We believe that we are making significant inroads into preventing diabetic foot complications through a nurse-led foot care clinic and  ongoing training programmes for clinicians and nurses on preventing, screening and managing diabetic foot complications. Nationally, the Ministry of Health needs to strengthen the undergraduate and postgraduate curricula for doctors, nurses and clinical officers so that management of all noncommunicable diseases, including diabetes is part of mainstream clinical education.
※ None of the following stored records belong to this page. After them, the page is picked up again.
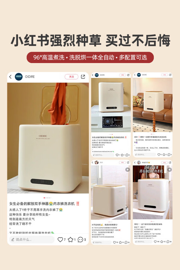 OIDIRE (Odd) Underwear Washing Machine High Temperature Cooking, Washing and Sterilization Mini Washing Machine Small Underwear Washing Machine Underwear Washing Socks Special Fully Automatic Washing and Drying Washing Machine ODI-XYJ13A Boiling and Washing + 304 Barrels + Ions + Drying
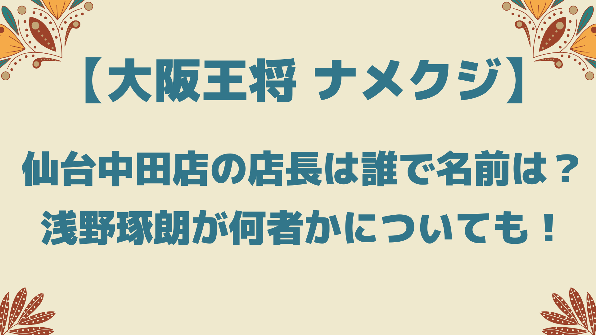 今回は「大阪王将仙台中田店の店長は誰で名前は?浅野琢朗が何者かについても!」と題して以下についてまとめています。
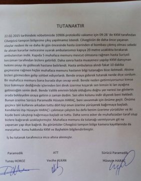 Ancak Cilvegözü’nden çıkış esnasında yaşanan diğer olaylarda yaralılar üzerinde el bombaları ve mühimmatlar çıkması nedeni ile görevli paramedik sürücü, yardımcısı ve 112 ATT tarafından hastanın bilgi tutanağının olmadığı görülerek yaralıyı kendilerine teslim eden görevlilerden hasta bilgi tutanağını istemişlerdir. Hastayı teslim eden muhafaza memurları ise sağlık çalışanlarına yönelik şiddet uygulayarak bu tutanağı vermeyeceklerini, istedikleri yerlere kendilerini şikayet edebileceklerini ve ne isterlerse de yapabileceklerini belirterek cevap vermişlerdir. Yaşadığımız bu ortamda görevlilere şiddet uygulayanlar hakkında sürücü paramedik, yardımcısı ve bir ATT görevlisi ekte görülen tutanakla ilgili kişiler hakkında şikayetçi olmuşlardır. Anlaşılan odur ki; tüm bu yaşananlardan hiçbir yetkili ders çıkarmamıştır.”

Resources need to be deployed so that holistic diabetes care, including patient education and peer support is available at all levels of health facility and tertiary hospitals have the staff and facilities to manage the more severe complications of diabetes with the ultimate aim to bring amputation rates to zero.


We would like to acknowledge the support of the World Diabetes Foundation, Copenhagen, Denmark, who have provided financial support towards our endeavours to improve diabetic foot care in Malawi. Further information can be found at: World Diabetes Foundation. Diabetes care in Southern Malawi WDF09-451, World Diabetes Foundation. Developing and sustaining comprehensive diabetes care in Malawi WDF13-842, World Diabetes Foundation. Diabetes and Hypertension Control in Malawi WDF14-938

Competing interests

All authors declare that they have no competing interests related to this work.